[What to do]:
Set down, word for word, the line with "Maks. statisk belastning" and the lines after it through the final line of the data below, without pictures.

[Available data]:

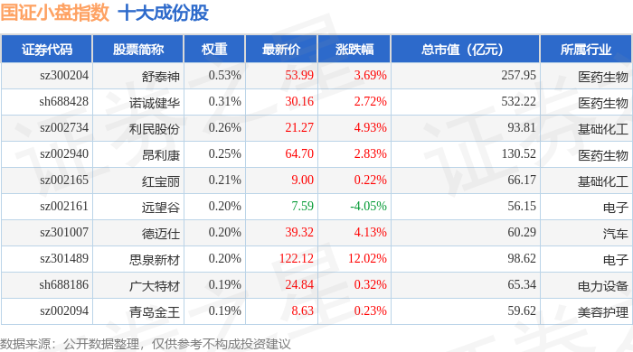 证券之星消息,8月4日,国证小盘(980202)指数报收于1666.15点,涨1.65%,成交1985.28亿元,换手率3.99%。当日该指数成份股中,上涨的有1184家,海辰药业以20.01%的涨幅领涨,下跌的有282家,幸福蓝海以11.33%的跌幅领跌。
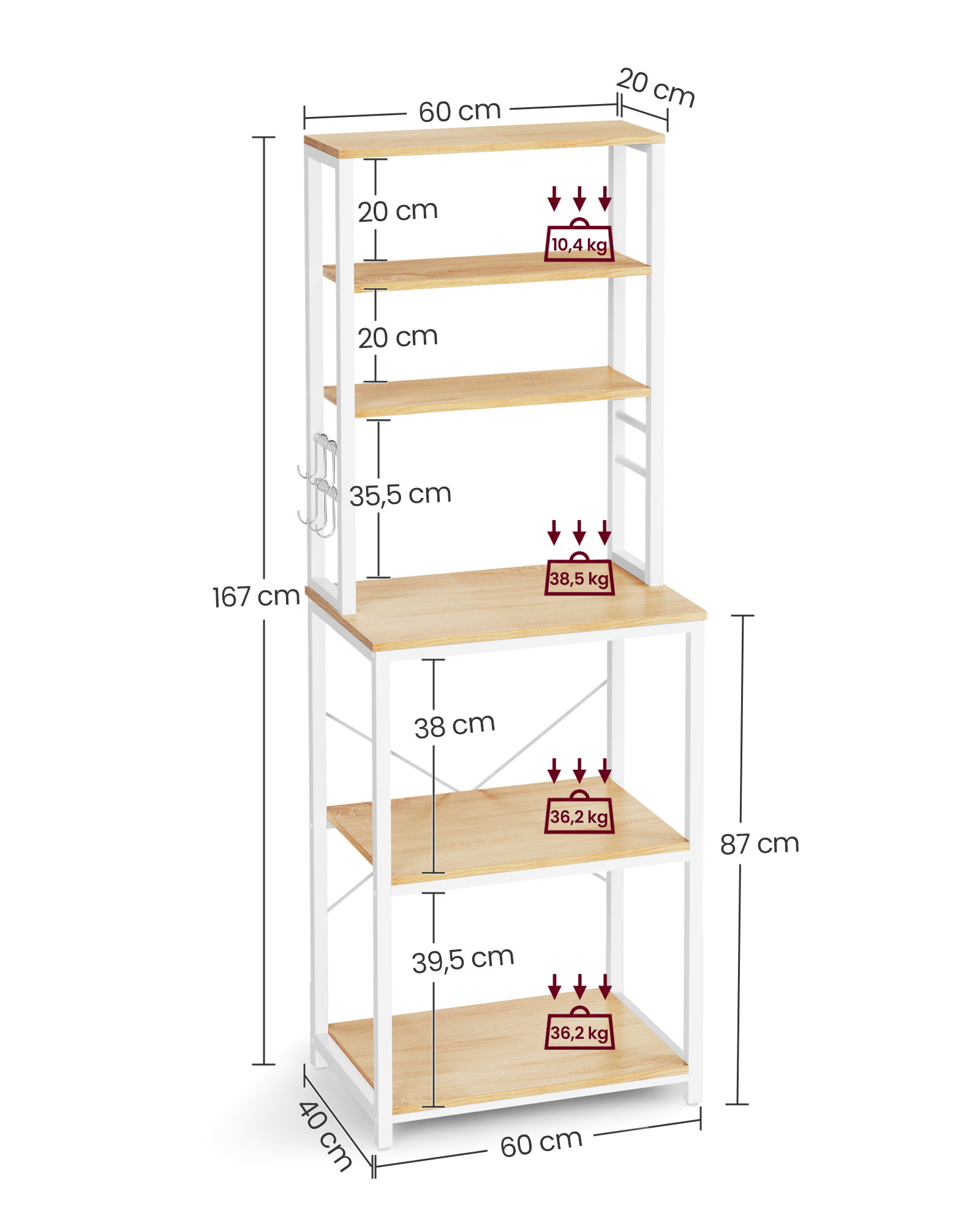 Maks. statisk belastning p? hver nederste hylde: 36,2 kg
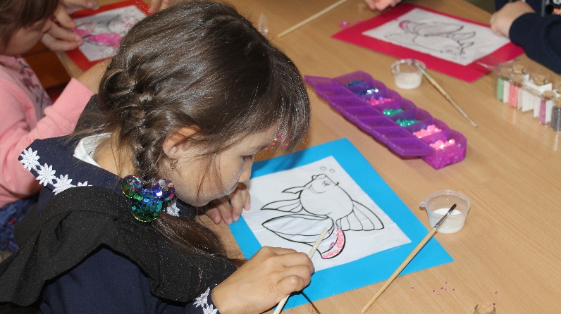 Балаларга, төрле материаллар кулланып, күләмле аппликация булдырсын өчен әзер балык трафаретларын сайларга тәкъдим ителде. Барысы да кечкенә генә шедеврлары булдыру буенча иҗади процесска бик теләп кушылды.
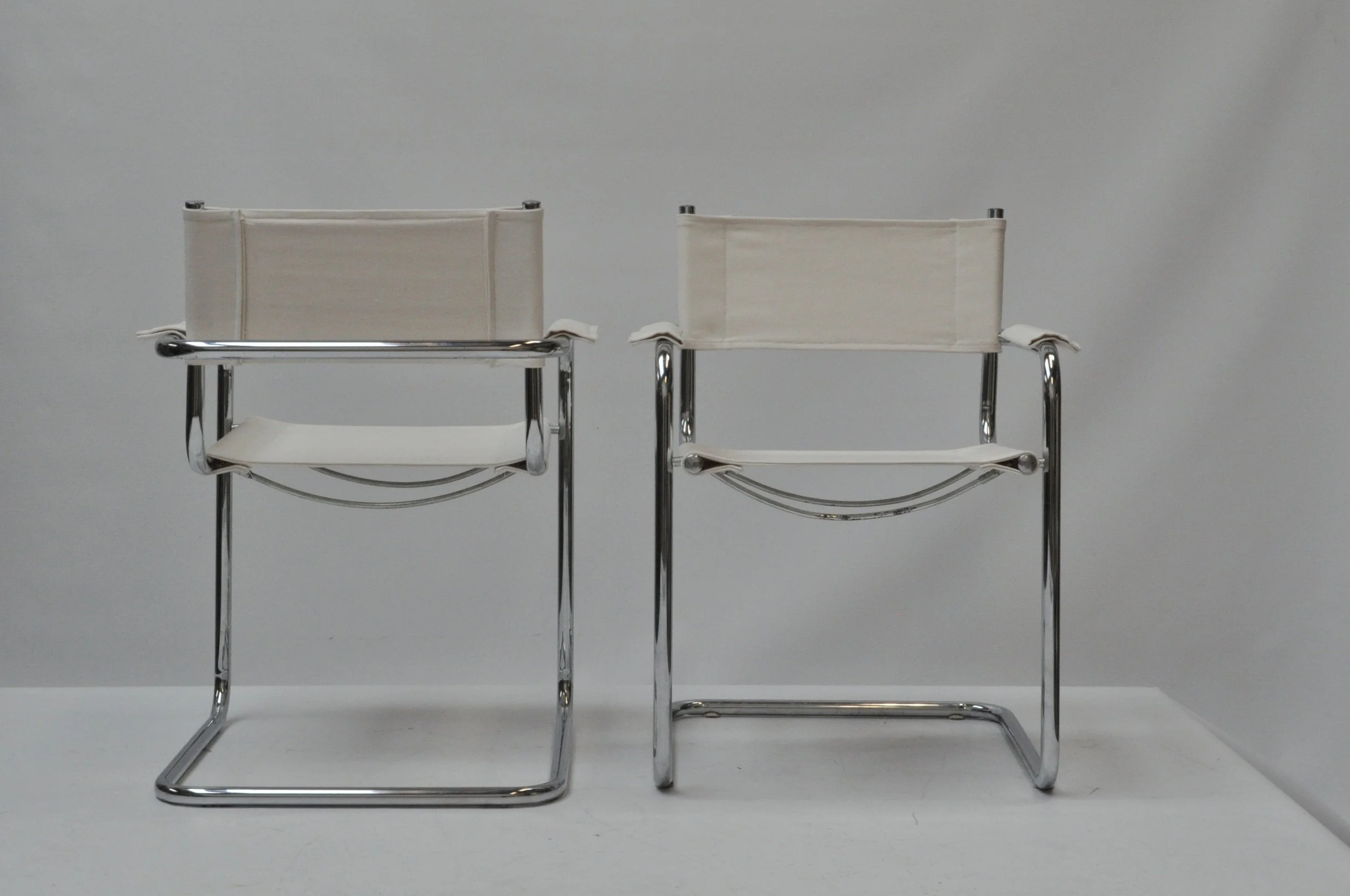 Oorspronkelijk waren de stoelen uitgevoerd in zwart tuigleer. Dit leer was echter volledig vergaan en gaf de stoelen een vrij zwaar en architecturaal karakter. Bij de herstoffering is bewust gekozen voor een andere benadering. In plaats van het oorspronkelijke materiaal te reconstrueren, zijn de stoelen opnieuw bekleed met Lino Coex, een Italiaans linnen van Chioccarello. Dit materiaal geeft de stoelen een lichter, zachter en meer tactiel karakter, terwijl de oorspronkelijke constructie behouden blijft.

[Task response]:
 Maks. statisk belastning p? hver nederste hylde: 36,2 kg
 Балаларга, төрле материаллар кулланып, күләмле аппликация булдырсын өчен әзер балык трафаретларын сайларга тәкъдим ителде. Барысы да кечкенә генә шедеврлары булдыру буенча иҗади процесска бик теләп кушылды.
 Oorspronkelijk waren de stoelen uitgevoerd in zwart tuigleer. Dit leer was echter volledig vergaan en gaf de stoelen een vrij zwaar en architecturaal karakter. Bij de herstoffering is bewust gekozen voor een andere benadering. In plaats van het oorspronkelijke materiaal te reconstrueren, zijn de stoelen opnieuw bekleed met Lino Coex, een Italiaans linnen van Chioccarello. Dit materiaal geeft de stoelen een lichter, zachter en meer tactiel karakter, terwijl de oorspronkelijke constructie behouden blijft.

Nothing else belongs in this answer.